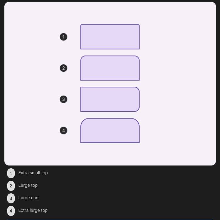 | Extra small top | md.sys.shape.corner.extra-small.top | 4dp,4dp,0dp,0dp, SHAPE_FAMILY_ROUNDED_CORNERS |
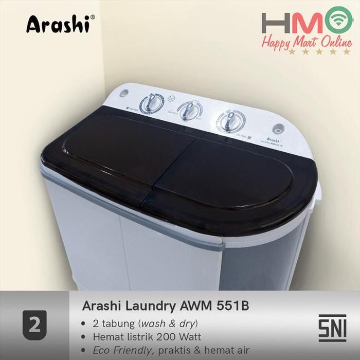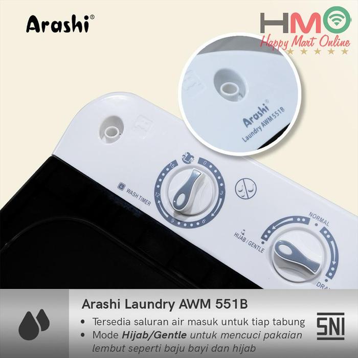 Arashi Mesin Cuci 2 Tabung Laundry Portable Bukaan Atas 5.5 KG AWM-551B AWM 551 B
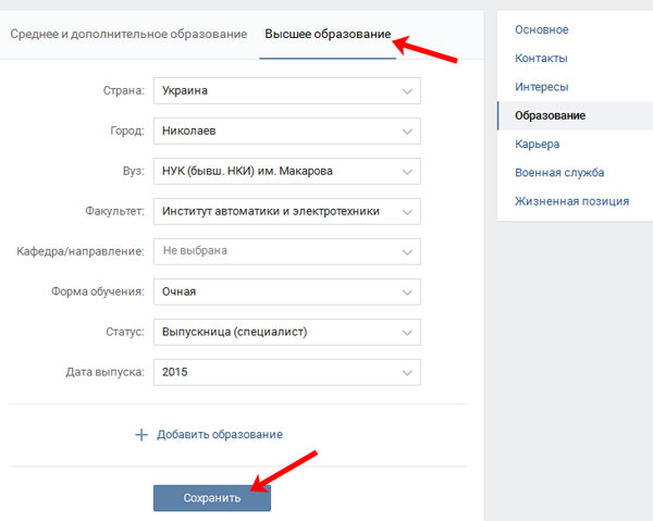 Якщо Ви навчалися на бакалавра в одному інституті, а магістратуру закінчували в іншому, тоді спочатку вкажіть перший інститут, потім натисніть кнопку «Додати освіту» і заповніть дані про другий інститут.
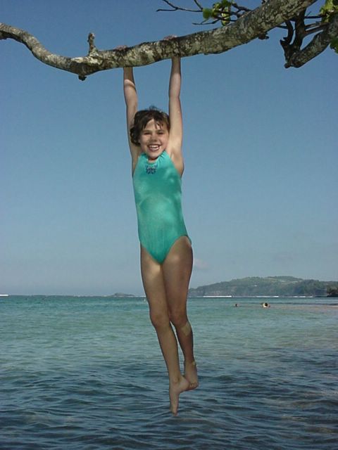 Kiah hanging from the tree limb.
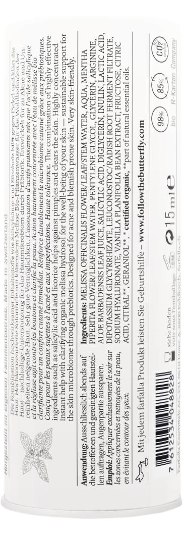 Inhaltsstoffe: MELISSA OFFICINALIS FLOWER/LEAF/STEM WATER*, AQUA, MENTHA PIPERITA FLOWER/LEAF/STEM WATER*, PENTYLENE GLYCOL, GLYCERIN, ARGININE, ALOE BARBADENSIS LEAF JUICE*, SALICYLIC ACID, DIGLYCERIN, INULIN, LACTIC ACID, DIPOTASSIUM GLYCYRRHIZATE, LEUCONOSTOC/RADISH ROOT FERMENT FILTRATE, SODIUM HYALURONATE, VANILLA PLANIFOLIA BEAN EXTRACT*, FRUCTOSE, CITRIC ACID, CITRAL**, GERANIOL**. * certified organic, **part of natural essential oils.

----

## REQUIREMENT
Each line from the first line of the listing through the line with "Arashi Mesin Cuci" must be printed exactly, both ends included, and no picture may appear.

## ANSWER SECTION
 | Extra small top | md.sys.shape.corner.extra-small.top | 4dp,4dp,0dp,0dp, SHAPE_FAMILY_ROUNDED_CORNERS |
 Arashi Mesin Cuci 2 Tabung Laundry Portable Bukaan Atas 5.5 KG AWM-551B AWM 551 B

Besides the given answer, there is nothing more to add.